---------- Exercise data ----------

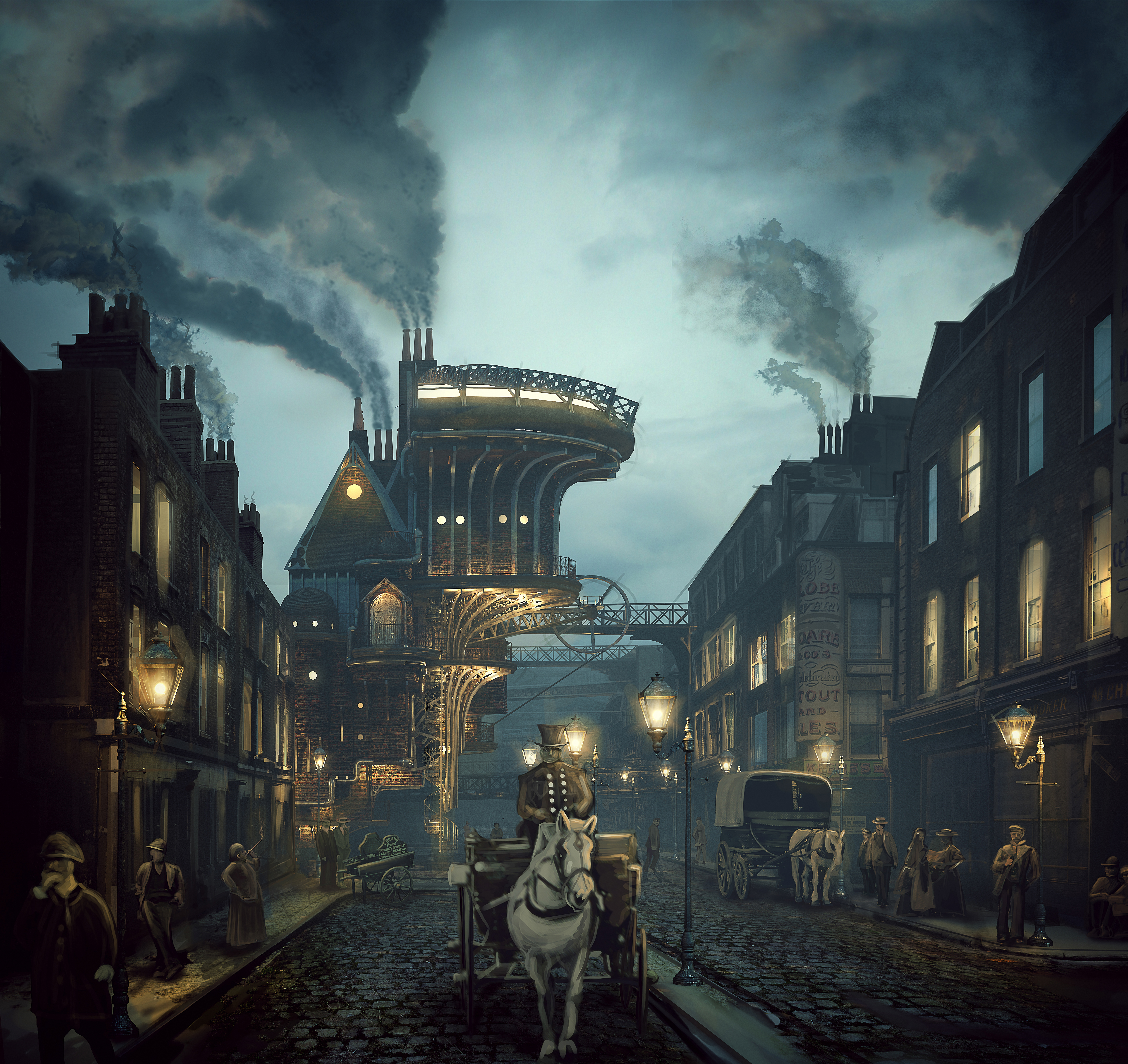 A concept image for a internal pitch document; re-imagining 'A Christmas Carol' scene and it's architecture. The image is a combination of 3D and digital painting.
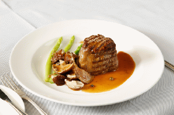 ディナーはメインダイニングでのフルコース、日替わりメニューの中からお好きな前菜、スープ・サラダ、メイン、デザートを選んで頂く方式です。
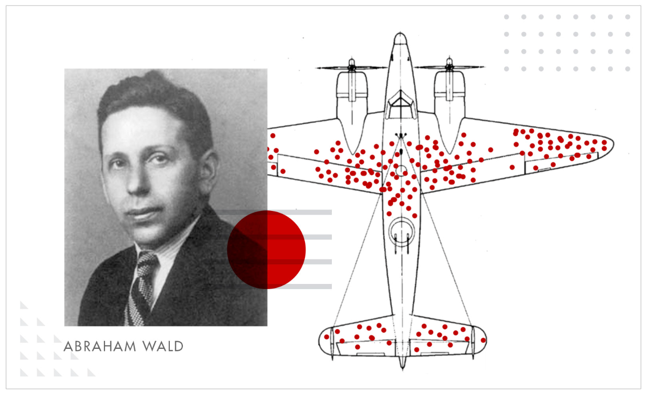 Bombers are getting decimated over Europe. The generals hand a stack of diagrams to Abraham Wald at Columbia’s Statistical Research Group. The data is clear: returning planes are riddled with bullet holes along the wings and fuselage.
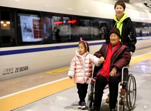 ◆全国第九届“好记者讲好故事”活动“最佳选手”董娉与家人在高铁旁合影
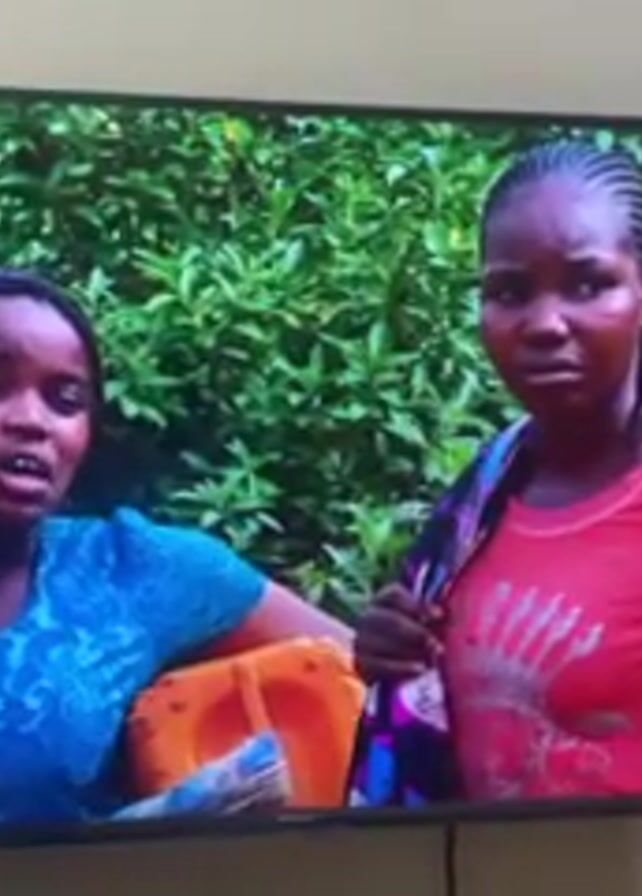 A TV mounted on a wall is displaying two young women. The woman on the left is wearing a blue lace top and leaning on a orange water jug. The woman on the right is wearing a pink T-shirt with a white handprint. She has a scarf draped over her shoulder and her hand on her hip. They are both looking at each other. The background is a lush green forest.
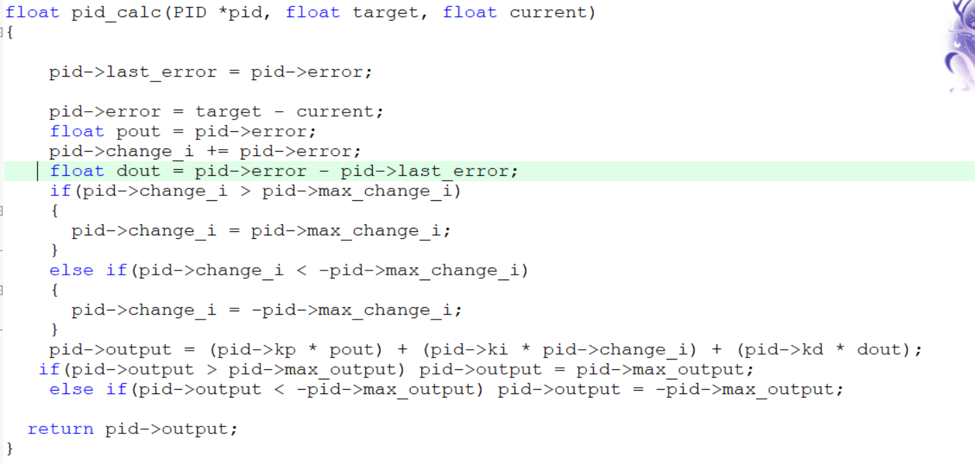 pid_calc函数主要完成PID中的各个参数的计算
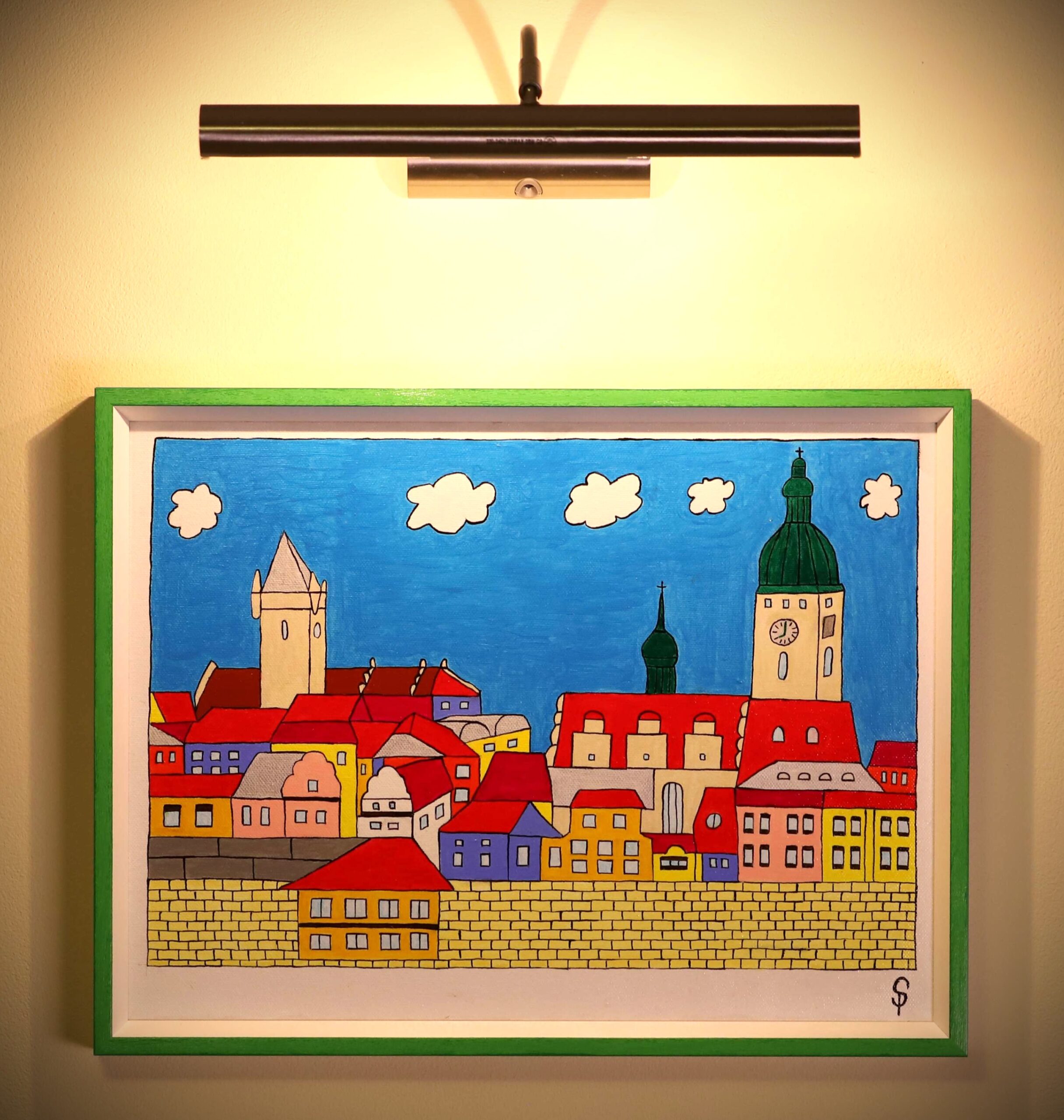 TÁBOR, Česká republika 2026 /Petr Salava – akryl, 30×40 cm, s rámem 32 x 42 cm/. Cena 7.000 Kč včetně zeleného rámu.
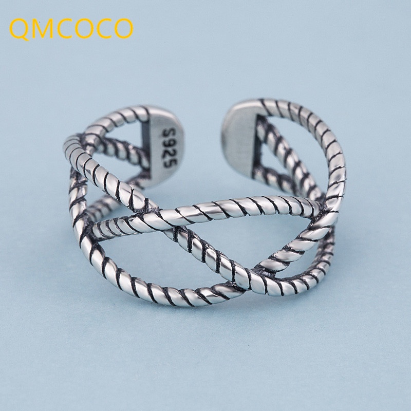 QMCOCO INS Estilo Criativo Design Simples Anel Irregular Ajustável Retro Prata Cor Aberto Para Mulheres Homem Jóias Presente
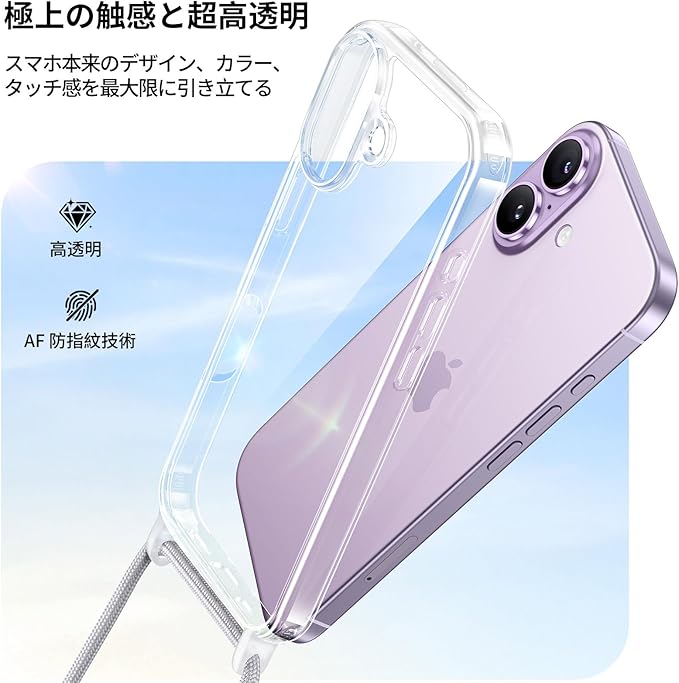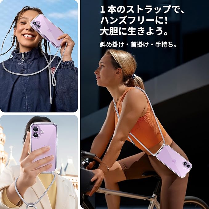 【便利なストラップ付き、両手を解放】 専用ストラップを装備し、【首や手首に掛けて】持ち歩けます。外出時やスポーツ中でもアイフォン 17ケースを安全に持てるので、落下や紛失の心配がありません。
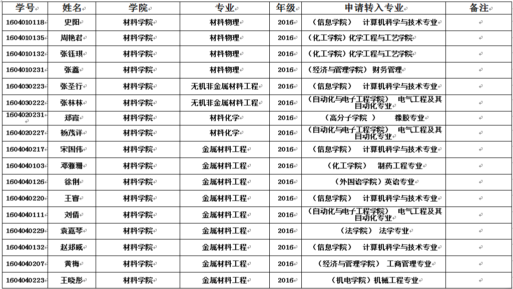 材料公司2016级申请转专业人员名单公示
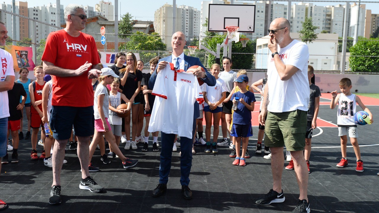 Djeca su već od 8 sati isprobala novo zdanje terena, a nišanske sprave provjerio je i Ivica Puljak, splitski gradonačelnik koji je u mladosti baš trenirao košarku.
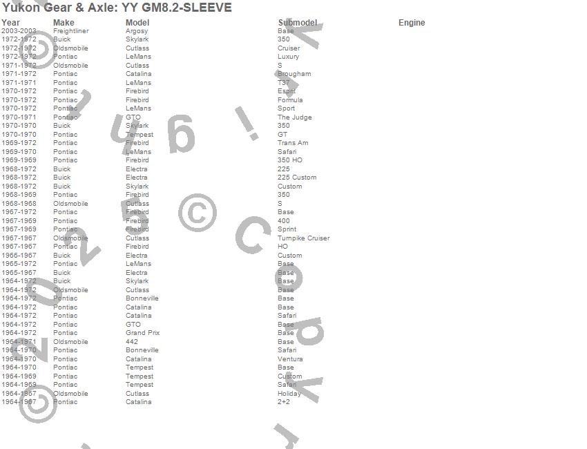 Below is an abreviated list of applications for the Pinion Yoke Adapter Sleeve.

----------

Activity:
Extract, word for word, each line from the top of the data down to and including the line with "ディナーはメインダイニングで"; skip the pictures.

Solution to the problem:
 A concept image for a internal pitch document; re-imagining 'A Christmas Carol' scene and it's architecture. The image is a combination of 3D and digital painting.
 ディナーはメインダイニングでのフルコース、日替わりメニューの中からお好きな前菜、スープ・サラダ、メイン、デザートを選んで頂く方式です。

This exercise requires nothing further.